À première vue, le système peut sembler comparable à l’Avance sur recettes. Dans les faits, il conduit à financer à fonds perdus des opérations de restauration sans permettre à l’Etat de déterminer une politique publique.

Dès lors, la mission a établi deux diagnostics :

- il est nécessaire de séparer ce qui relève de la détermination d’une politique publique de ce qui relève du travail technique, physique, de restauration des matériels.

- Il faut travailler sur de nouveaux mécanismes de financement de l’activité de restauration, en se référant, par souci de simplicité, à des dispositifs déjà existants.

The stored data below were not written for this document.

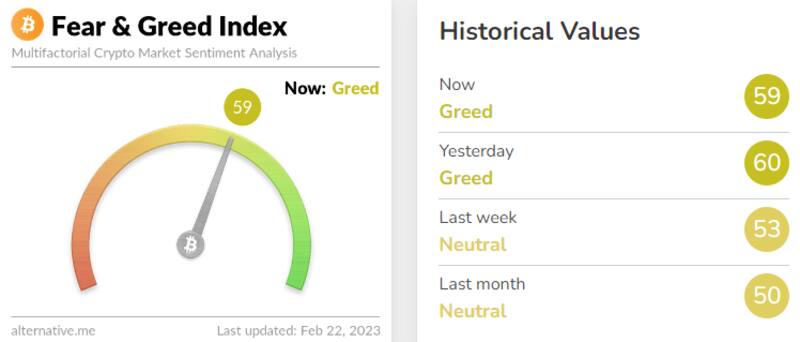 A pesar de la incertidumbre y el riesgo de una política monetaria más agresiva con las criptomonedas, se percibe un sentimiento general de "avaricia" en el mercado, según indica el "Fear & Greed Index". Se trata de un indicador al que recurren los inversores para tantear el comportamiento de los traders y del ecosistema, en grandes rasgos.
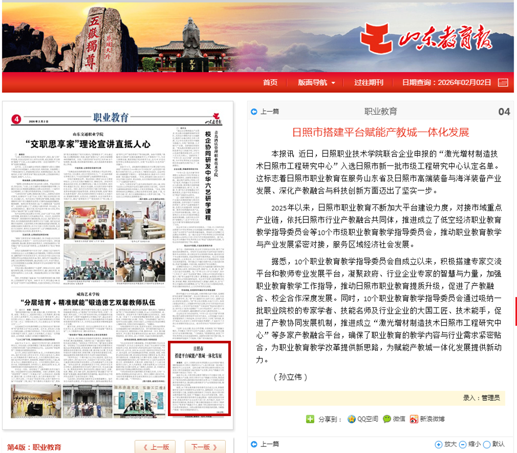 山东教育报报道:职业教育日照市搭建平台赋能产教城一体化发展
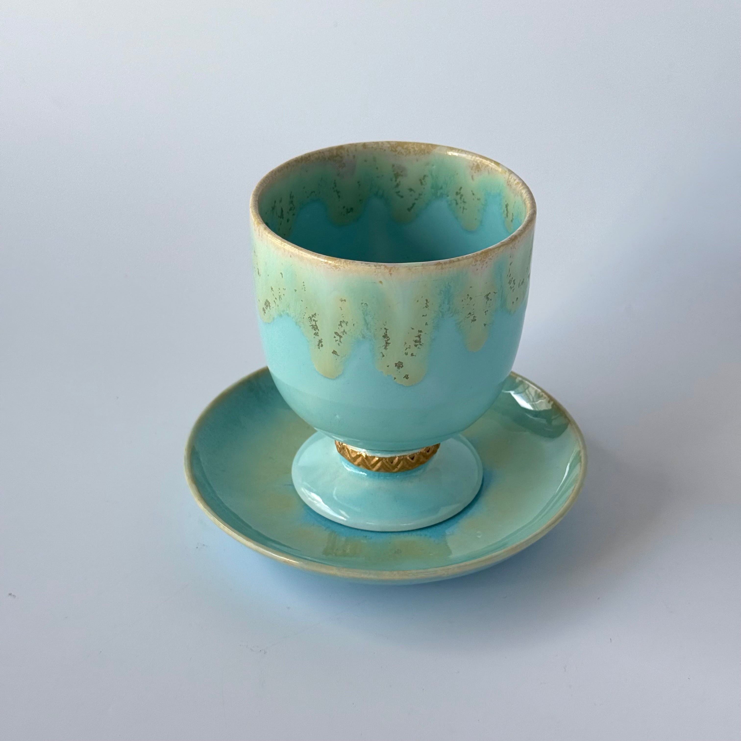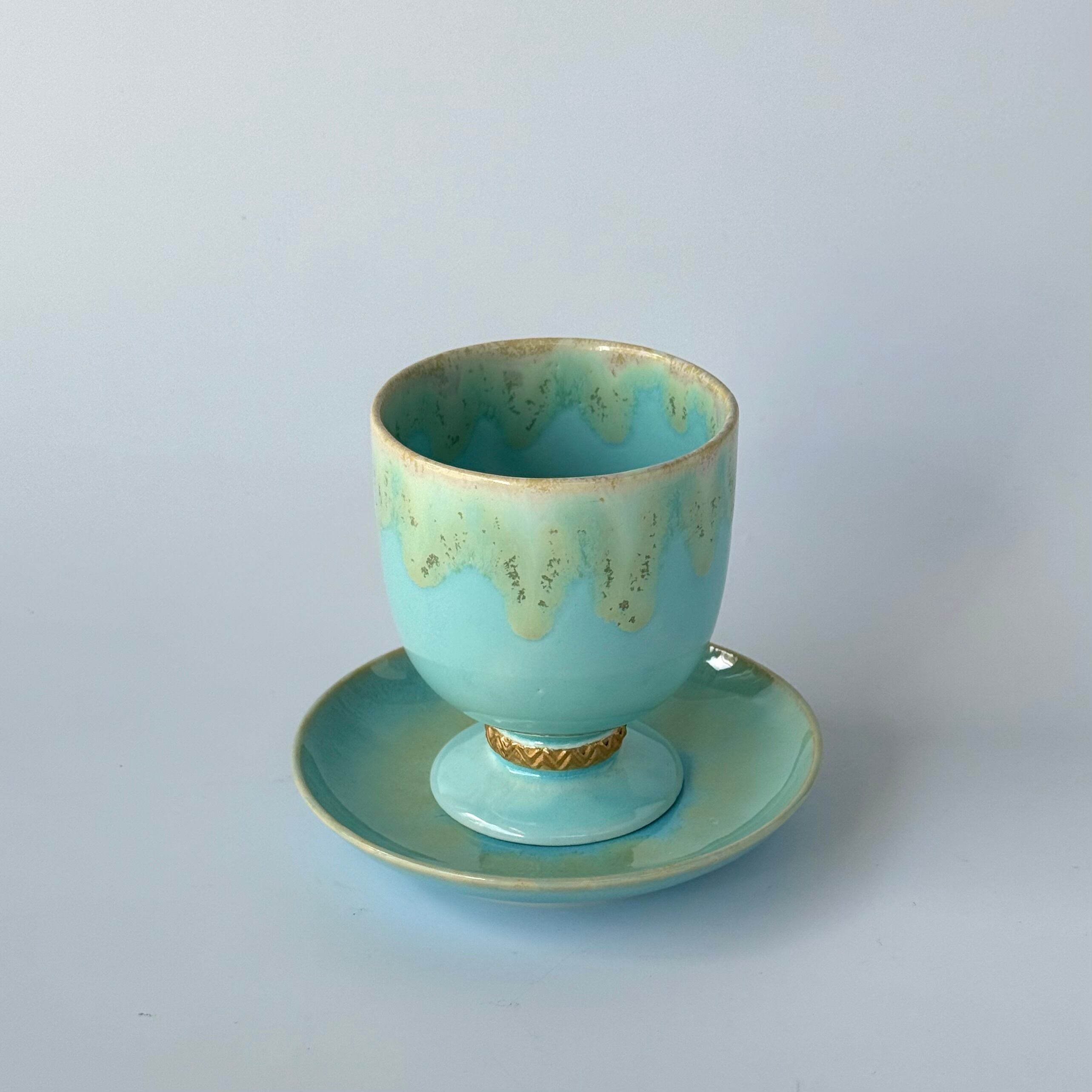脚付のゴールドが印象的なカップ。普段使いにも、特別な日にも食卓を華やかにしてくれます。
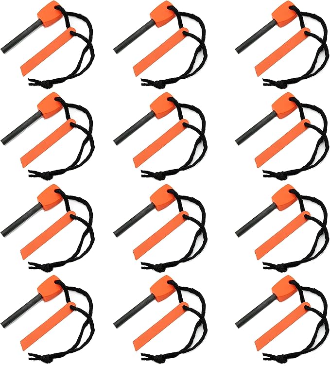 Survival - Mini Alloy Ferrocerium Flint Fire Starter, Thick Waterproof Fire Steel Magnesium Camping Tool for Survival Kits, Hiking, Backpacking, and Emergency Situations - 12 Pack
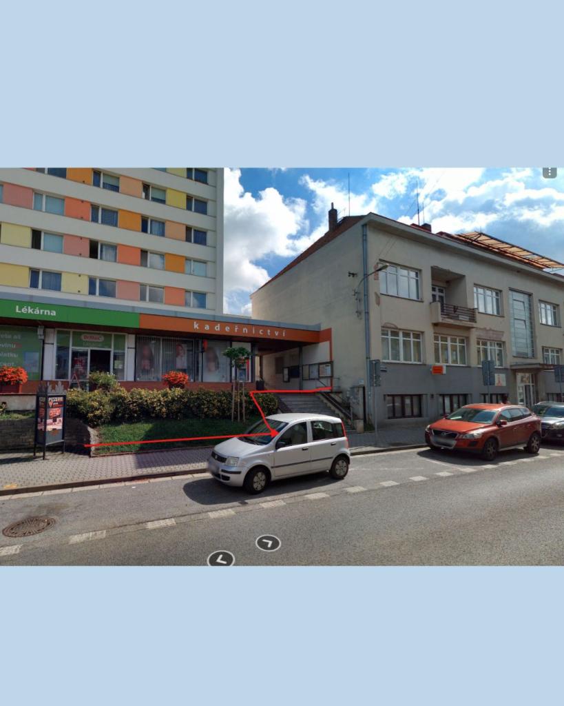 Trasa překopu vede od zálivu u chodníku k obvodové stěně polikliniky, jak je zhruba vyznačeno na fotografii.

Il a été recommandé supra d’éloigner fonctionnellement la Direction du patrimoine cinématographique des Archives françaises du film. Si la DPC dispose du pouvoir d’élaboration d’une politique publique, les Archives n’en sont, s’agissant de matériels détenus par des personnes privées et nécessitant une restauration, qu’un des opérateurs, en concurrence avec d’autres (les laboratoires privés). Il est donc déterminant que la DPC se comporte comme un prescripteur de normes applicables à l’ensemble du secteur et les Archives, pour leur mission de restauration, comme un opérateur autonome disposant d’outils d’analyse efficaces des coûts permettant en particulier d’éviter les subventions croisées, agissant dans un univers concurrentiel. C’est à cette condition qu’une certaine neutralité du dispositif peut apparaître, les Archives françaises du film jouant dans celui-ci le rôle d’un opérateur comme un autre.

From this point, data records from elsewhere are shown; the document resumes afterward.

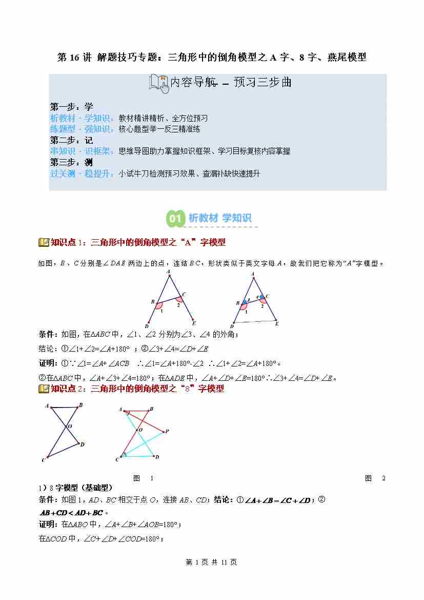 ②寒假预习-第16讲 解题技巧专题:三角形中的倒角模型之A字、8字、燕尾模型(3知识点3大题型过关测)(学生版) (北师大版-新教材)
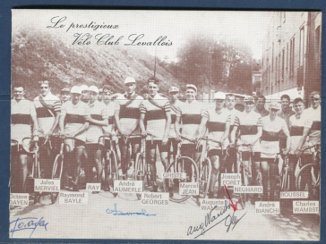 En tête l'équipe avec nom des coureurs 1927 du Vélo Club au départ de la course Paris à Rouen. Au dos son l'impressionnant palmarès entre 1891 et 1947 - Cette carte comporte la SIGNATURE AUTO
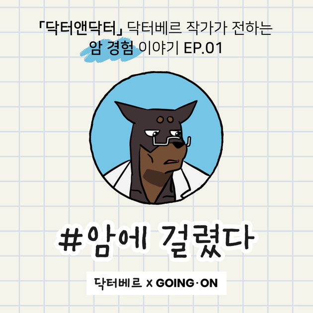 닥터베르 작가는 서울대학교 에너지시스템공학 박사이자 웹툰 작가로, 박사과정 중 3년간 '육아 휴학'한 경험을 담아 웹툰을 연재했다. 이번 고잉 온 웹툰은 젊고, 꿈도 많고, 열정적이었던 닥터베르 작가 본인의 암 경험담을 진솔하게 담아냈다.
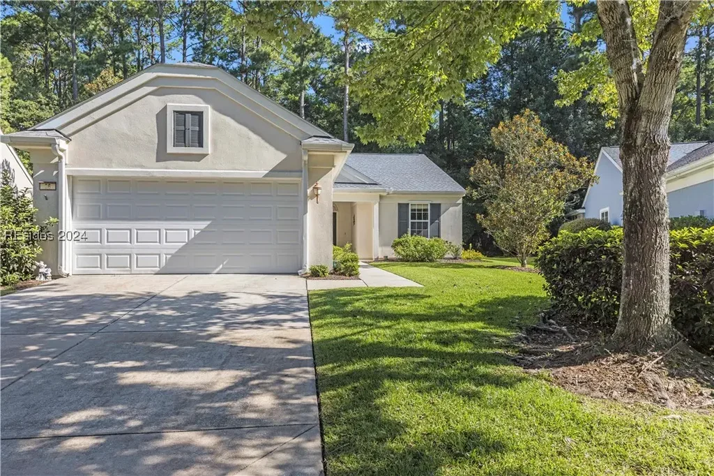 Golf cart included! Welcome to amenity-rich Sun City! This checks all the boxes: Beaufort County, on an eyebrow of a low traffic street, wooded view out the back, all season Carolina room, and a screened porch. This charming residence boasts 2 BR, 2 BA, and a Carolina room with a cozy fireplace. Nestled on an eyebrow lot backing up to serene woods, you'll enjoy privacy and tranquility. Step onto the screened porch and savor peaceful moments in nature. Don't miss this opportunity for serene living in a vibrant community! Clean stucco report available.
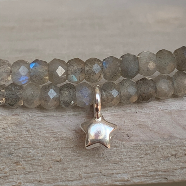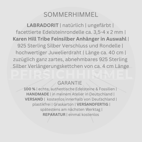 In der filigranen SOMMERHIMMEL Labradorit Edelstein Choker Halskette sind leuchtende Labradorit Rondelle zu einem zart funkelnden Lieblingsschmuckstück verarbeitet. Dieser minimalistische Choker ist mit einem zauberhaften, handgearbeiteten Karen Hill Tribe Feinsilber Anhänger im edlen Bohostyle veredelt. Zur Auswahl stehen 6 verschiedene, massive Anhänger. Dieser sitzt fest in der Mitte der Kette zwischen den feinen Rondellen und bleibt daher immer schön an seinem vorgesehenen Platz.

Dans le cadre d’une telle évolution, il est nécessaire également de porter une attention particulière aux détenteurs de patrimoine que sont les cinémathèques, institutions de droit privé subventionnées gérant une collection issue la plupart du temps de dépôts volontaires. Il est clair en premier lieu, et ceci est particulièrement vrai pour la Cinémathèque française, que leur politique de restauration doit être guidée par une logique de programmation, avant d’être de servir les intérêts des déposants. En ce sens, la Cinémathèque française doit être en mesure de faire écran entre les déposants et le processus de restauration. En second lieu, les cinémathèques ne sont pas faites pour être directement des opérateurs de restauration. Enfin, un mécanisme incitateur généraliste doit tenir compte des spécificités de ces institutions, en préservant, voire en développant, leur patrimoine valorisable.